**Assignment**
Restrict the output to the lines below starting at the one that contains "Define Spaces: No" and ending at the one that contains "[프로그램등록증] 112신고자(발신자)위치자동표시시스템 페이지", and restate them word for word, both ends included.

**Material supplied**

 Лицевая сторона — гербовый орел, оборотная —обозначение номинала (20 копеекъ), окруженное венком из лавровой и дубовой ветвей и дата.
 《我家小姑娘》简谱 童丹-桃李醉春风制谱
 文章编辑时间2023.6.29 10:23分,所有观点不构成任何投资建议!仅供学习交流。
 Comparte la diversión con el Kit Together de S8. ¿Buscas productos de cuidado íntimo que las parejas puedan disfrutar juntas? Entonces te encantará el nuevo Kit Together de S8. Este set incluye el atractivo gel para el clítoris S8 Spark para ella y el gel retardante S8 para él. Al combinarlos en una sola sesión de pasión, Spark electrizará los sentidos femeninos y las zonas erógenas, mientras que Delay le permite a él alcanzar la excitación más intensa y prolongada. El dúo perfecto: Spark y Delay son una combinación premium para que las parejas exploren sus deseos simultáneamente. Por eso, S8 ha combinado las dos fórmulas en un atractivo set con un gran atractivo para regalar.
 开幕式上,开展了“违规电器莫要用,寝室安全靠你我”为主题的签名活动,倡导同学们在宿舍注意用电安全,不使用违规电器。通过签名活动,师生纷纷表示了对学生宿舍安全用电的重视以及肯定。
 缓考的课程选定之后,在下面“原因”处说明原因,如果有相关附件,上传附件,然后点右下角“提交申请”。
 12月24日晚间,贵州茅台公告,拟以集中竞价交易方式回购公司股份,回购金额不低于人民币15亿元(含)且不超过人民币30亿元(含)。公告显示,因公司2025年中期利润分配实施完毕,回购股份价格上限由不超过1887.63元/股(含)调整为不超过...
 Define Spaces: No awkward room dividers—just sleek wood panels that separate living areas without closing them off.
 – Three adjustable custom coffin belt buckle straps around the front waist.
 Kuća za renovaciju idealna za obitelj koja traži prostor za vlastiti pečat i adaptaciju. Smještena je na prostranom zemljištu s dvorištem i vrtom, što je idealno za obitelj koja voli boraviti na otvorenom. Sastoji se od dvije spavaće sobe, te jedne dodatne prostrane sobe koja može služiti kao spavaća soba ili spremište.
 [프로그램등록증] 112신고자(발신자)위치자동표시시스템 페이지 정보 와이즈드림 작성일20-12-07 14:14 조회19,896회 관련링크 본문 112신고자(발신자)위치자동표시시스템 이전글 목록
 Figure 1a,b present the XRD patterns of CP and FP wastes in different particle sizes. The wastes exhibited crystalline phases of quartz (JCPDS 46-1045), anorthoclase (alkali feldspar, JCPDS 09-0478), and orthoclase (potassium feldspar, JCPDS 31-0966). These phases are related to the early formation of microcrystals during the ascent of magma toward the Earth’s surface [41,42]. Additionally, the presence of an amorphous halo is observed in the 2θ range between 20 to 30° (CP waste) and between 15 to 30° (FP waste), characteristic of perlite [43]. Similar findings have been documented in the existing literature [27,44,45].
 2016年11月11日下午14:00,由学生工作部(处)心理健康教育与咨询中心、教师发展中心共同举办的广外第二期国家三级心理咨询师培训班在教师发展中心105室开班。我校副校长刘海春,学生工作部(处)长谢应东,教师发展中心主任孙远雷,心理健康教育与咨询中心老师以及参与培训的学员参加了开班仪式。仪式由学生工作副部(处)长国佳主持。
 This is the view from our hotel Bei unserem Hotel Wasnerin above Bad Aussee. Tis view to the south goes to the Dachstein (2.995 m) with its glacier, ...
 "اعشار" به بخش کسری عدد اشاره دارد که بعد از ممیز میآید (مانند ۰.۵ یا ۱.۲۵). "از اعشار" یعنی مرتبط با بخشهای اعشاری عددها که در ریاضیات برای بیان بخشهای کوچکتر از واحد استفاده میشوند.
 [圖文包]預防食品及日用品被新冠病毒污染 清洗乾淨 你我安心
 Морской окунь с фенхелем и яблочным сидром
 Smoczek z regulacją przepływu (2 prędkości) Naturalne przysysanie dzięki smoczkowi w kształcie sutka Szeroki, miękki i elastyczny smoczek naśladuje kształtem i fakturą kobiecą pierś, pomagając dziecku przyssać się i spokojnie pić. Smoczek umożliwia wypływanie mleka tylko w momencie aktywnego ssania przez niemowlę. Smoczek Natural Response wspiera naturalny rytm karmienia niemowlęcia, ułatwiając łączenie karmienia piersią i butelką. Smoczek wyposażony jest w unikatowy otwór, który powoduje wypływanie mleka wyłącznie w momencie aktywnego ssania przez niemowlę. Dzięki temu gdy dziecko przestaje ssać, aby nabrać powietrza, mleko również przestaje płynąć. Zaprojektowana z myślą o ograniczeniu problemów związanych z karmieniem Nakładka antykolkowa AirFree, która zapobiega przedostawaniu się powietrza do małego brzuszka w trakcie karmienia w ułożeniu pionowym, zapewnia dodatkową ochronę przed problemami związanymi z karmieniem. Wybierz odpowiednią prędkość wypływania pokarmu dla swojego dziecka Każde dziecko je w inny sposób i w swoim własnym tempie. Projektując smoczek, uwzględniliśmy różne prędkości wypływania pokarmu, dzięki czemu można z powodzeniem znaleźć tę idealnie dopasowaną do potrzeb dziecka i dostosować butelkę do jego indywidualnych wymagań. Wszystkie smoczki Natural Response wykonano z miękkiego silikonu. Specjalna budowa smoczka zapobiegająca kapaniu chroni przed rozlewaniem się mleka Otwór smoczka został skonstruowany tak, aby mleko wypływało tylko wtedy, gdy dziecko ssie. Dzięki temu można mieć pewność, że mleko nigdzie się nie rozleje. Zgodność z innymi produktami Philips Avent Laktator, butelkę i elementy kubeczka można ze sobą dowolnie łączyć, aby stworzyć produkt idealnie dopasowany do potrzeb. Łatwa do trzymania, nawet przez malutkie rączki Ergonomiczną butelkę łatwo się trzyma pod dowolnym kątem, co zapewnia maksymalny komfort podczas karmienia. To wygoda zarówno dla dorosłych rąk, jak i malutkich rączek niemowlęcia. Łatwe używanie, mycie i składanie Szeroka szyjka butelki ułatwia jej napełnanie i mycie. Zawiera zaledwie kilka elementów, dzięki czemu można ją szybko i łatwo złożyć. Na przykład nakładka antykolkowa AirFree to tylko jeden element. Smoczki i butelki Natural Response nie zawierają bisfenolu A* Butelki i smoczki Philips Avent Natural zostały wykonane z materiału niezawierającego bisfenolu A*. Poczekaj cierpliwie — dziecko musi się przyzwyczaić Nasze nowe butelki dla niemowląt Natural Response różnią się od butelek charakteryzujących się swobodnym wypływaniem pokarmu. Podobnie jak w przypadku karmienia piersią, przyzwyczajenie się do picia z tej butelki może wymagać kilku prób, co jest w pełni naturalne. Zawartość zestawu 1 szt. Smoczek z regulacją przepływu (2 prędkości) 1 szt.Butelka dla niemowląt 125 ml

**Reply to the task**
 Define Spaces: No awkward room dividers—just sleek wood panels that separate living areas without closing them off.
 – Three adjustable custom coffin belt buckle straps around the front waist.
 Kuća za renovaciju idealna za obitelj koja traži prostor za vlastiti pečat i adaptaciju. Smještena je na prostranom zemljištu s dvorištem i vrtom, što je idealno za obitelj koja voli boraviti na otvorenom. Sastoji se od dvije spavaće sobe, te jedne dodatne prostrane sobe koja može služiti kao spavaća soba ili spremište.
 [프로그램등록증] 112신고자(발신자)위치자동표시시스템 페이지 정보 와이즈드림 작성일20-12-07 14:14 조회19,896회 관련링크 본문 112신고자(발신자)위치자동표시시스템 이전글 목록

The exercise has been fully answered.